→ **ASSIGNED TASK**: Return all the lines below exactly as written. Drop every picture.

→ **DATA SECTION**:
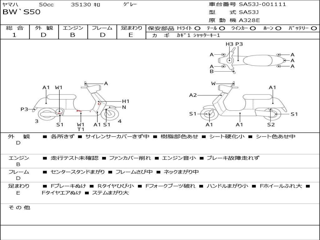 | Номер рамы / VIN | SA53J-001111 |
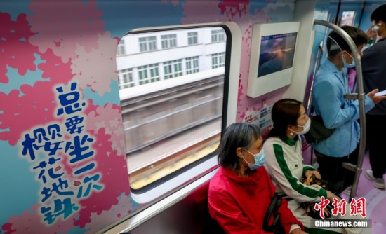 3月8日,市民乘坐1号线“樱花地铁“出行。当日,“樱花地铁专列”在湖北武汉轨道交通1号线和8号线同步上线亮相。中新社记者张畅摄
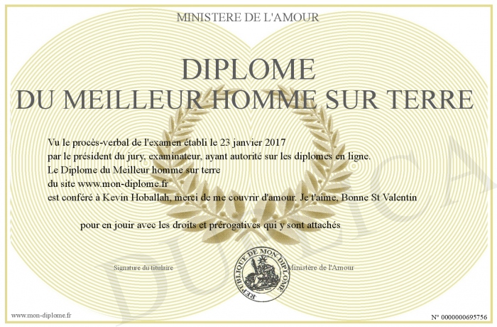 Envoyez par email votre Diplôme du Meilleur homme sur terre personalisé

→ **YOUR SOLUTION**:
 | Номер рамы / VIN | SA53J-001111 |
 3月8日,市民乘坐1号线“樱花地铁“出行。当日,“樱花地铁专列”在湖北武汉轨道交通1号线和8号线同步上线亮相。中新社记者张畅摄
 Envoyez par email votre Diplôme du Meilleur homme sur terre personalisé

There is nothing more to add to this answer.